BPI: Loans rising, delinquencies hitting plateau this year
Ayala-led Bank of the Philippine Islands (BPI) expects its loan book to grow and loan delinquencies to plateau this year with the reopening of the domestic economy and the increased COVID-19 vaccination of residents.
In a recent presentation, BPI executive vice president and consumer banking head Ma. Cristina Go said consumer spending in the country would likely increase this year following the uptrend in the country’s mobility, which began rising toward prepandemic levels in the last quarter of 2021.
“While Omicron (COVID-19 variant) has set us back early this year, we see consumer spending really moving up in the coming months,” she said.
Go heads the consolidated consumer banking business of the financial institution as the merger of BPI and its consumer banking arm, BPI Family Savings Bank, officially took effect on Jan. 1, 2022, with BPI as the surviving entity.

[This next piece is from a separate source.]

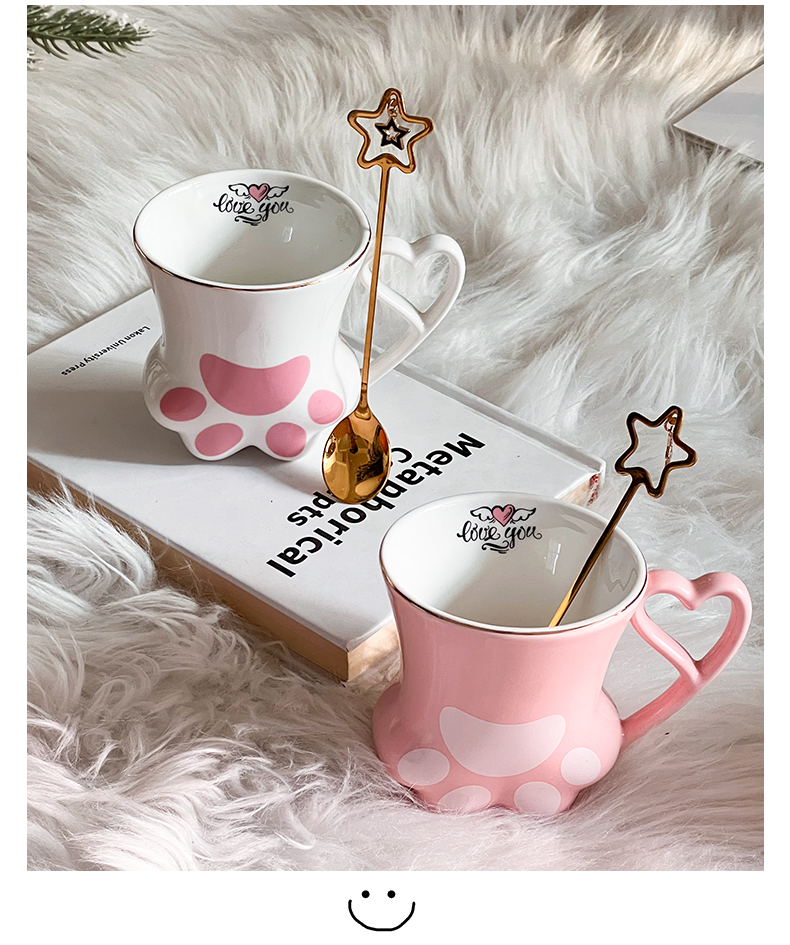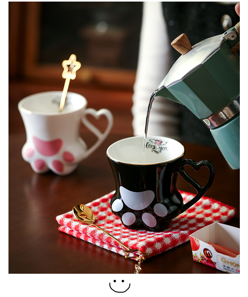 Meow your way to a purrfect cuppa! This adorable mug features a love-shaped handle and a charming cat paw print design. Makes every sip a cuddle with your feline friend.

“In terms of loan growth, we are aligned with the [Bangko Sentral ng Pilipinas or BSP’s] outlook of about 5–7 percent this year. By our own estimates, we will see consumer loan growth while corporate loans will continue to be muted. Nevertheless, we are looking at this same growth in our loan books,” said Go. She noted that the central bank had been an early mover in responding to the pandemic, by aggressively lowering the reserve requirement on banks and slashing local interest rates.
“We have seen also BSP signal that they are very much aware that we are still in the recovery phase,” she said.
“The central bank has expressed willingness to stay patient while making the necessary adjustment in policy rates if the growth trajectory shows enough traction and inflationary expectations are no longer within boundaries,” said Go, adding any adjustment would likely occur toward the latter part of the year.
But Go said the current policy rate—at a record-low 2 percent—was supportive of Filipino consumers.
She added that the availability of credit would not likely be affected by subdued rate hikes. With the banks continually assessing and managing asset quality, the industry is seen to sustain lending to creditworthy clients.
“And in terms of those who are already with loans and having some difficulties, banks continue to restructure loans or repackage them for better affordability to existing loan clients,” Go pointed out.
But nonperforming loans (NPLs) will plateau as the economy opens up, and as more jobs are created and business picks up.
“Generally, we see NPLs to be moderate and better managed, plateauing in 2022,” said Go, adding that NPL formation would probably be modest as some sectors in the industry would have a late recovery.
As consumer spending and consumer loans are seen to pick up pace this year, Go said BPI would be able to provide its clients a more seamless digital and physical experience.
“Our online transactions have been growing at 62 percent the past year, and our usage continues to move up as we build the functionalities in our digital platform, and we see this as the case moving forward,” she said.
About 56 percent of BPI’s clients are enrolled in its online banking platform. Even as the branches had been opened most of the year in 2021, the percentage of its banking transactions done digitally remained at 90 percent.
She added that the enlarged bank was in a position to optimize its presence while taking the opportunities to consolidate its branch footprint.
“As we consolidate our branches, it allows us to optimize our resources and make the branches more accessible to more clients,” said Go.